WUHAN, Dec. 27 (Xinhua) -- The ports along the trunk stream of the Yangtze River, China's largest and the world's third-longest river, are expected to handle a record 4.02 billion tonnes of cargo in 2024, thanks to the country's economic resilience.
"The 3.9-percent year-on-year growth cements the Yangtze River's position as the busiest inland waterway in the world," said Huan Zhaoping, deputy director of the administration of navigational affairs on the Yangtze River under the Ministry of Transport, on Thursday.

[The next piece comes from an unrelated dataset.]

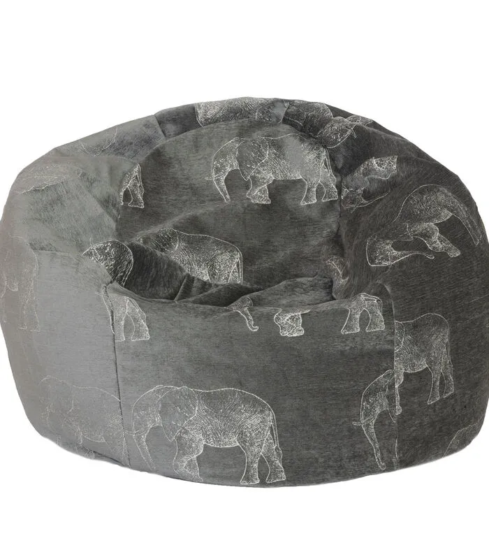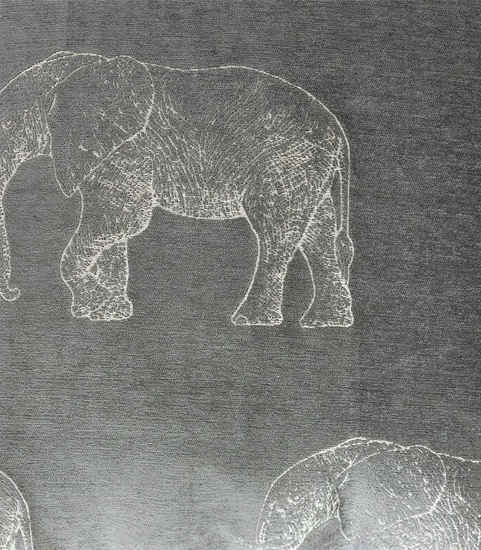 MX HOME XL Poef Met Grijze Geborduurde Olifanten

This marks the first time the combined throughput along the east-west inland waterway, often called China's "golden shipping route," exceeds 4 billion tonnes.
The Yangtze River now boasts 16 major ports, each with an annual cargo throughput exceeding 100 million tonnes.
The scale and growth of the throughput highlight the huge resilience of China's economy, said Xiong Yu, another official at the administration of navigational affairs on the Yangtze River.
Preliminary official data showed that in 2024, the Yangtze River ports handled 26.21 million 20-foot equivalent units (TEUs), 850 million tonnes of coal, 130 million tonnes of oil and gas, and 110 million tonnes of grain, among other materials.
The shipping landscape along the Yangtze is also undergoing structural changes.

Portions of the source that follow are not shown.